Impaired liver function due to cirrhosis has been shown to lead to increased plasma concentrations of gefitinib (see Pharmacology: Pharmacokinetics under Actions).
Interactions with other medicinal products: CYP3A4 inducers may increase metabolism of gefitinib and decrease gefitinib plasma concentrations. Therefore, concomitant administration of CYP3A4 inducers (e.g. phenytoin, carbamazepine, rifampicin, barbiturates or herbal preparations containing St John's wort/Hypericum perforatum) may reduce efficacy of the treatment and should be avoided (see Interactions).
In individual patients with CYP2D6 poor metaboliser genotype, treatment with a potent CYP3A4 inhibitor might lead to increased plasma levels of gefitinib. At initiation of treatment with a CYP3A4 inhibitor, patients should be closely monitored for gefitinib adverse reactions (see Interactions).
International normalised ratio (INR) elevations and/or bleeding events have been reported in some patients taking warfarin together with gefitinib (see Interactions). Patients taking warfarin and gefitinib concomitantly should be monitored regularly for changes in prothrombin time (PT) or INR.
Medicinal products that cause significant sustained elevation in gastric pH, such as protonĀ-pump inhibitors and h2-antagonists may reduce bioavailability and plasma concentrations of gefitinib and, therefore, may reduce efficacy. Antacids if taken regularly close in time to administration of gefitinib may have a similar effect (see Interactions and Pharmacology: Pharmacokinetics under Actions).
Data from phase II clinical trials, where gefitinib and vinorelbine have been used concomitantly, indicate that gefitinib may exacerbate the neutropenic effect of vinorelbine.
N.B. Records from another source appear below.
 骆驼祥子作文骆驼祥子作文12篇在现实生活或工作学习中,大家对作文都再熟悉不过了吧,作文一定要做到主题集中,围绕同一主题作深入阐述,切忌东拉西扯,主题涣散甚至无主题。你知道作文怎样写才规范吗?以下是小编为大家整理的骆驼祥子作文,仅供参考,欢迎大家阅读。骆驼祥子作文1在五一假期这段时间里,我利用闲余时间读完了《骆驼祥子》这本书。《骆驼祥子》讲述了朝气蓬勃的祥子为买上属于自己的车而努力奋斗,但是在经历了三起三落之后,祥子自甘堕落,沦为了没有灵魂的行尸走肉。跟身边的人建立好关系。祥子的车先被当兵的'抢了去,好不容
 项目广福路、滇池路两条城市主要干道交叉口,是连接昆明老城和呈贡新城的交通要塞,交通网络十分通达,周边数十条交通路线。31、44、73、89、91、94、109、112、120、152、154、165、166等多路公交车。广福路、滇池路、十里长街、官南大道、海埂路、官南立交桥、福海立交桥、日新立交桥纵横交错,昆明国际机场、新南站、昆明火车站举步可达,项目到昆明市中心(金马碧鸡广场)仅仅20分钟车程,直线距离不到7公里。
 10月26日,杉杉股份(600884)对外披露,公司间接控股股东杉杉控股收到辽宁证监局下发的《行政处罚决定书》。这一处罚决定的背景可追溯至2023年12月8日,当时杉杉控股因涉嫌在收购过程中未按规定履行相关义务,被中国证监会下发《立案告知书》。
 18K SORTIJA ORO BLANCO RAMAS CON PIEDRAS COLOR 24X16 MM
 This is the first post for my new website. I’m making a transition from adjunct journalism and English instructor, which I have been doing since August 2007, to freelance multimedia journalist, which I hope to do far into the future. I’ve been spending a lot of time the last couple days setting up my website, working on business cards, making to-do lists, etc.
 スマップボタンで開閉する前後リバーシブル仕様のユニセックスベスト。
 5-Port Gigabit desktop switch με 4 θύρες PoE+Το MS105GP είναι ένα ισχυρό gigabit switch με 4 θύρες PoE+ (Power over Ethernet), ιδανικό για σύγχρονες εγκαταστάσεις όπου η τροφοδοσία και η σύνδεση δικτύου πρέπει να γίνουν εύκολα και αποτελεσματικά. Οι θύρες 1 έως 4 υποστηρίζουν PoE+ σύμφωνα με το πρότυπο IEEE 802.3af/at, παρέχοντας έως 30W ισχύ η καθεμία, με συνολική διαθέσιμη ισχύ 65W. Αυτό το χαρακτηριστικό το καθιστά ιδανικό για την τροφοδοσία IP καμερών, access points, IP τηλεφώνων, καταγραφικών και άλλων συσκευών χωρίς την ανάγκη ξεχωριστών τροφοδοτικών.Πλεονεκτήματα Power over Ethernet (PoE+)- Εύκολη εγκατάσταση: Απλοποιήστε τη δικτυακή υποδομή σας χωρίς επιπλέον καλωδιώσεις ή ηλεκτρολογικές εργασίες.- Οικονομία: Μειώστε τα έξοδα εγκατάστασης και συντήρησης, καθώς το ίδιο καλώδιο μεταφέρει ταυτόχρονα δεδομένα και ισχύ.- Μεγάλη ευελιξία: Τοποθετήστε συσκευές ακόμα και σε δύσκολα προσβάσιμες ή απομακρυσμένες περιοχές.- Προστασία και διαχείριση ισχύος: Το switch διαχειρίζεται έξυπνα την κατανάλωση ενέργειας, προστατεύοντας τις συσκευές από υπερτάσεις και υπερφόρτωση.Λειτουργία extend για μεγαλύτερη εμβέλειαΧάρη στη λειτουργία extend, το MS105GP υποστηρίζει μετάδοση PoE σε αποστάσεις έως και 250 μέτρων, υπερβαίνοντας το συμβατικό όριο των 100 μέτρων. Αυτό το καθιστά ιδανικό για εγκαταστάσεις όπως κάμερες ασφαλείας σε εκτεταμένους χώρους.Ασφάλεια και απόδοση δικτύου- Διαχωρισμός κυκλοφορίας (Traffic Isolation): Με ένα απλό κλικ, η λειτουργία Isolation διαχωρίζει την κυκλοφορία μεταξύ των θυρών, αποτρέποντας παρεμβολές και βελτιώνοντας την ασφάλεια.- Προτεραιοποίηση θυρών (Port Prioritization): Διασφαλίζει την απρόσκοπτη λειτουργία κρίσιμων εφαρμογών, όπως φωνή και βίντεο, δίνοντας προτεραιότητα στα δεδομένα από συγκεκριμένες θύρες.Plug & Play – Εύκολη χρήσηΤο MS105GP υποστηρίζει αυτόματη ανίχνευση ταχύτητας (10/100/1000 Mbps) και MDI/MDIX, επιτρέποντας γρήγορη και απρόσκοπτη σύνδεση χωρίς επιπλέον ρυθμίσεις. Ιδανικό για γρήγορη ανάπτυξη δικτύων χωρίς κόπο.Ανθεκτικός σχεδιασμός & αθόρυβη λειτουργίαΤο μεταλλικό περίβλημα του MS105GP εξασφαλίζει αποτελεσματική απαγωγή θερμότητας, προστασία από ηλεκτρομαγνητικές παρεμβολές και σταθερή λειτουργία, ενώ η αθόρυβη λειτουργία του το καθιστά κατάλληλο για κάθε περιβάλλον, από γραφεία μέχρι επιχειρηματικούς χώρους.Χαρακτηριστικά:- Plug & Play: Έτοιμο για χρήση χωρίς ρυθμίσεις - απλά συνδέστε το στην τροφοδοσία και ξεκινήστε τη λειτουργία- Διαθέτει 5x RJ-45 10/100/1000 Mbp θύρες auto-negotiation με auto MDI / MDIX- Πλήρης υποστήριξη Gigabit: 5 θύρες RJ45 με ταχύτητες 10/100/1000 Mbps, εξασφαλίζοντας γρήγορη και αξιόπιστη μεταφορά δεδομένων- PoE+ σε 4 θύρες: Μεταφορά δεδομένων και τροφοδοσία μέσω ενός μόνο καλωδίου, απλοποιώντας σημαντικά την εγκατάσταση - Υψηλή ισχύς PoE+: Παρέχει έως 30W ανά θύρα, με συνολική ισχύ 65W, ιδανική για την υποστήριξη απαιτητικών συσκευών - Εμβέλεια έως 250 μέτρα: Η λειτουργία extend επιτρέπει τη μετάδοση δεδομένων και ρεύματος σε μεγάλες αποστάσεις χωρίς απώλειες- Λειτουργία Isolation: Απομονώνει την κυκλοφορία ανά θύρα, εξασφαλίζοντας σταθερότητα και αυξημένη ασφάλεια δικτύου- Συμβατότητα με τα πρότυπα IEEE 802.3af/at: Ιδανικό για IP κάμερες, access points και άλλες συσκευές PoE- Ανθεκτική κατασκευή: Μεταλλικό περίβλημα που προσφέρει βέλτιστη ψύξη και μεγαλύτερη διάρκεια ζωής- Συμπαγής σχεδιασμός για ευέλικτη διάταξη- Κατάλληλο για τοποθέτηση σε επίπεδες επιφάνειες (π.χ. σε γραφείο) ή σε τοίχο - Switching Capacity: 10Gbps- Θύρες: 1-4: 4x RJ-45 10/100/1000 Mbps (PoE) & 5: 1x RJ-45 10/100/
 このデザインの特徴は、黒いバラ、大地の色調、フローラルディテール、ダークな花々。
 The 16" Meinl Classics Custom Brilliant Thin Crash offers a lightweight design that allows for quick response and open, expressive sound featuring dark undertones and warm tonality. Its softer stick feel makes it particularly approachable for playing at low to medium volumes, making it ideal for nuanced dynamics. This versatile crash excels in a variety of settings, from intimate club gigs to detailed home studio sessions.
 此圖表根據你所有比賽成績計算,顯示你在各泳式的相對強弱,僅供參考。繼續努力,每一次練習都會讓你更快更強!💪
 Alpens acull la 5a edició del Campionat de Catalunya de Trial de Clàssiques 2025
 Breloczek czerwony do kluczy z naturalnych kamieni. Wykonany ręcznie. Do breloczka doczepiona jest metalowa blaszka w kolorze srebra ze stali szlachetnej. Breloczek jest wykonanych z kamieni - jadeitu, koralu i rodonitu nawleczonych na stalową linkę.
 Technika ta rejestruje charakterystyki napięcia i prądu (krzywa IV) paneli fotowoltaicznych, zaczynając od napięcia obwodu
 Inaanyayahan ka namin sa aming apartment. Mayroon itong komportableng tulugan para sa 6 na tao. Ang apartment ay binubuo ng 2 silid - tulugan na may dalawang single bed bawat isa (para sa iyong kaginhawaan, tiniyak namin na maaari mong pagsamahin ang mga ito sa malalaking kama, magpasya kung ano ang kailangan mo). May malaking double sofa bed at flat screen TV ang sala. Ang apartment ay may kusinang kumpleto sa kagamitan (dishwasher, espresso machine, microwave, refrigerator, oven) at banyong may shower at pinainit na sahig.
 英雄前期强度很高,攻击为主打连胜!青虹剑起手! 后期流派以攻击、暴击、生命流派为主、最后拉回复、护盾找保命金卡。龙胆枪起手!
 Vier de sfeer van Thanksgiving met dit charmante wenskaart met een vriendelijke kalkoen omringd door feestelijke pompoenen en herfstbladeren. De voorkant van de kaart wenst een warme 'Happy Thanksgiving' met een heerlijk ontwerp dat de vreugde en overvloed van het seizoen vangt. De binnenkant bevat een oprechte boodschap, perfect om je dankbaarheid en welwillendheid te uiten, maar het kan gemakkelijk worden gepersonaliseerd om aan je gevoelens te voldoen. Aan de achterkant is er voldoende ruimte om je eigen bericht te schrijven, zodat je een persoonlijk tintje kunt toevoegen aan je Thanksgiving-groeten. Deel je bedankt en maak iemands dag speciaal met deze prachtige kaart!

Further precautions for use: Patients should be advised to seek medical advice immediately if they experience severe or persistent diarrhoea, nausea, vomiting or anorexia as these may indirectly lead to dehydration. These symptoms should be managed as clinically indicated (see Adverse Reactions).
Patients presenting with signs and symptoms suggestive of keratitis such as acute or worsening: eye inflammation, lacrimation, light sensitivity, blurred vision, eye pain and/or red eye should be referred promptly to an ophthalmology specialist.
If a diagnosis of ulcerative keratitis is confirmed, treatment with gefitinib should be interrupted, and if symptoms do not resolve, or if symptoms recur on reintroduction of gefitinib, permanent discontinuation should be considered.
In a phase I/II trial studying the use of gefitinib and radiation in paediatric patients, with newly diagnosed brain stem glioma or incompletely resected supratentorial malignant glioma, 4 cases (1 fatal) of Central Nervous System (CNS) haemorrhages were reported from 45 patients enrolled. A further case of CNS haemorrhage has been reported in a child with an ependymoma from a trial with gefitinib alone. An increased risk of cerebral haemorrhage in adult patients with NSCLC receiving gefitinib has not been established.
Gastrointestinal perforation has been reported in patients taking gefitinib. In most cases this is associated with other known risk factors, including concomitant medications such as steroids or NSAIDS, underlying history of GI ulceration, age, smoking or bowel metastases at sites of perforation.
Effects on ability to drive and use machines: During treatment with gefitinib, asthenia has been reported. Therefore, patients who experience this symptom should be cautious when driving or using machines.